Desde la ventana de la cocina también podía ver las ventanas del edificio colindante, el de la tienda del señor Al, que era más ancho que el nuestro. Sus pisos quedaban extrañamente cerca. Pese a pertenecer a un edificio distinto, sólo estaban a unos palmos de distancia. Con una escoba, podría haber tocado su ventana. Tras los cristales, distinguí la silueta de una mujer de color durmiendo. Seguramente tendrían calefacción en casa, porque sólo llevaba puesto un camisón. Tenía rulos en el pelo. Entre los brazos rodeaba con cariño algo con forma de almohada, y me di cuenta de que era un bebé. El resto de la cama estaba lleno de ropa, y por encima de sus cabezas, faltaba un fragmento triangular de yeso en la pared. Pero, a pesar de su pobreza, pude ver lo mucho que se querían y eché de menos los momentos que vivimos mi madre y yo cuando las cosas eran más sencillas.

Cuando el frío no me dejó seguir mirando, volví a colocar las bolsas de plástico en su sitio.

Al día siguiente, en cuanto entré en la fábrica, me encontré a Matt que arrastraba un enorme carro cargado de faldas de color malva en dirección al área de dobladillos. La montaña de prendas se erigía inmensa ante él, que se veía obligado a caminar de espaldas, tirando del carro con sus delgados brazos. Me colgué la mochila de la escuela y me dirigí hacia la zona de trabajo donde estaba mi madre, al fondo del taller, pero, para mi sorpresa, el chico me pidió en chino:

—Oye, ¿me echas una mano?

Me acerqué y empujé el carro por detrás. A pesar de que él iba delante, el suelo estaba tan resbaladizo por el polvo que tuve que hacer fuerza con los pies para que las ruedas no patinaran y se desviara hacia un lado.

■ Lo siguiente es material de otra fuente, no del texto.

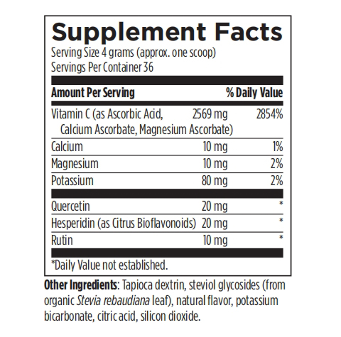 Vitamin C and bioflavonoids are found together in nature, because they work synergistically; for instance, oranges are rich in both vitamin C and the bioflavonoid, hesperidin. The inclusion of bioflavonoids in Vitamin C Powder+™ helps the body properly absorb and use vitamin C, and assists in preventing vitamin C from being destroyed by oxidation.

Matt ladeó la cabeza para mirarme por detrás de la montaña de faldas.

—¿Te lo has pasado bien en el colegio?

—Sí —contesté.

—Es curioso tu colegio. Debe de ser el único que ha abierto hoy en toda Nueva York.

Abrí los ojos como platos.

—Vamos, relájate. No hay que ser muy listo para saber que haces novillos.

—¡Shhhhhhh! —Miré a mi alrededor, para ver si alguien nos podía estar escuchando.

Matt siguió hablando como si no le hubiera dicho nada:

—Nunca te veo haciendo los deberes.

—Ni yo a ti.

—Yo nunca los hago, pero tú eres una experta con los deberes.

Le expuse mi auténtica preocupación:

—¿Piensas que mi madre se habrá dado cuenta?

—No creo. Yo lo sé porque yo también hacía novillos.

—¿En serio? —le pregunté, mostrando simpatía.

—Pero acabo de oír a una mujer quejándose delante de tu madre porque tenemos que trabajar hoy, que es el Día del Pavo. Es una gran fiesta aquí en América. Así que es mejor que pienses en algo que contarle.

Mi cabeza, agotada y sin ideas, daba vueltas al asunto.

—¿El qué? ¿El qué?

Matt se lo pensó un momento y dijo:

—Cuéntale que, cuando llegaste al cole, te enteraste de que no había clase. Entonces, volviste a casa para hacer los deberes, porque la semana que viene tienes que entregar un trabajo.

Ya habíamos llegado a la zona de los dobladillos, que estaba en la parte delantera del taller, cerca de la oficina de los encargados. Dejamos el carrito, que avanzó un paso más él solo antes de detenerse renqueante.